Polygon Area Metric parameters.

Polygon Area Metric for classification results using: (a) the selected features, (b) using all features, and (c) unselected features.
Conclusion
The imperative nature of bearing fault diagnosis highlights the demand for innovative methodologies, especially in addressing non-stationary conditions. This study introduces a robust multi-stage classification process meticulously designed for identifying combined faults in dynamic, time-varying scenarios, it represents a novel approach to addressing the complexities of bearing fault diagnosis, particularly under variable speed conditions. By breaking down the diagnostic process into stages, we effectively navigate the challenges associated with combined faults and variable operating speeds, providing a more robust and accurate diagnostic solution. We commence our method by decomposing vibration signatures from the “Bearing vibration data collected under time-varying rotational speed conditions” database containing five bearing health states, including a combined fault case to demonstrate the practical applicability of our approach in real-world industrial settings. This validation underscores the effectiveness of our method in addressing the challenges of speed variability and combined fault recognition, which are commonly encountered in machinery operations. We utilize for the signal processing the Empirical Wavelet Transform (EWT) to extract AM-FM modes and derive parameters spanning both time and frequency domains. In the subsequent phase, we employ the Expectation-Maximization Gaussian Mixture Model (EM-GMM) clustering method to select features adept at accurately discerning the precise number of fault classes. Subsequently, we trained classification models for each level utilizing the random forest classifier on the selected features for each stage. A meticulous evaluation employing the Polygon Area Metric (PAM) with six distinct parameters underscores the efficacy of our proposed procedure in adeptly detecting combined defects, even under challenging conditions.
The observed performance increase is due to inheriting several factors in the proposed method.
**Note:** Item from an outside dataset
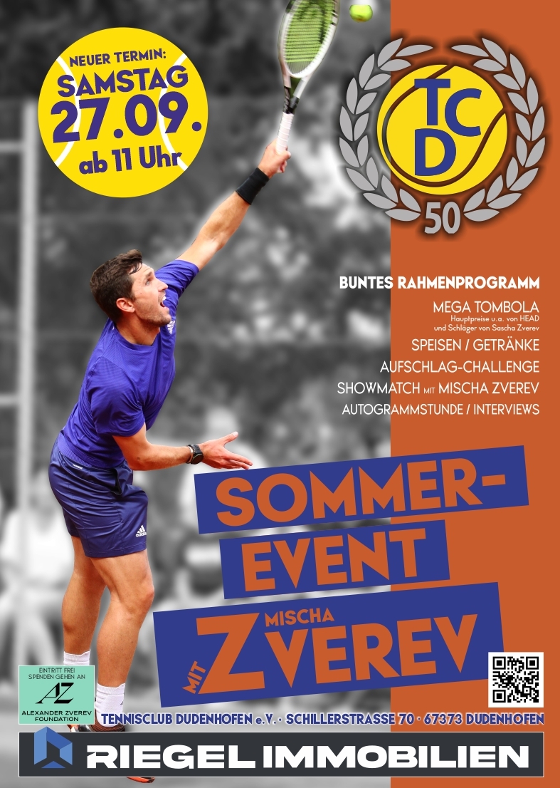 am 27. September 2025 verwandelt sich die Anlage des TC Dudenhofen, der in diesem Jahr sein 50- jähriges Jubiläum feiert, ab 11:00 Uhr in eine Bühne für Spitzentennis und abwechslungsreiche Unterhaltung. Der ehemalige Tennisprofi Mischa Zverev, älterer Bruder von Alexander Zverev, macht im Rahmen seines Projekts „Tennis in kleinen Vereinen groß machen“ Station beim TCD. Die Aktion ist Teil einer bundesweiten Initiative, mit der Mischa Zverev gezielt kleinere Tennisvereine unter- stützt und neue Impulse für den Tennissport setzt.

Firstly, we opted for a stage classification approach instead of employing a single classifier for the entire task by utilizing three distinct trained random forest models, each dedicated to a specific stage of the diagnostic process. This division of labor allowed for more focused and specialized processing at each stage, leading to improved performance in fault diagnosis. Furthermore, the selection of features played a crucial role in enhancing the effectiveness of the proposed method. We employed an unsupervised feature selection algorithm to ensure the inclusion of discriminative and informative features. This approach allowed us to identify and prioritize the most relevant features from the input dataset without relying on labeled training data. By focusing on the extraction of robust and representative features, we were able to streamline the diagnostic process and enhance the discriminative power of the classifier ensemble.
Footnotes
Handling Editor: Aarthy Esakkiappan
Declaration of conflicting interests
The author(s) declared no potential conflicts of interest with respect to the research, authorship, and/or publication of this article.
Funding
The author(s) received no financial support for the research, authorship, and/or publication of this article.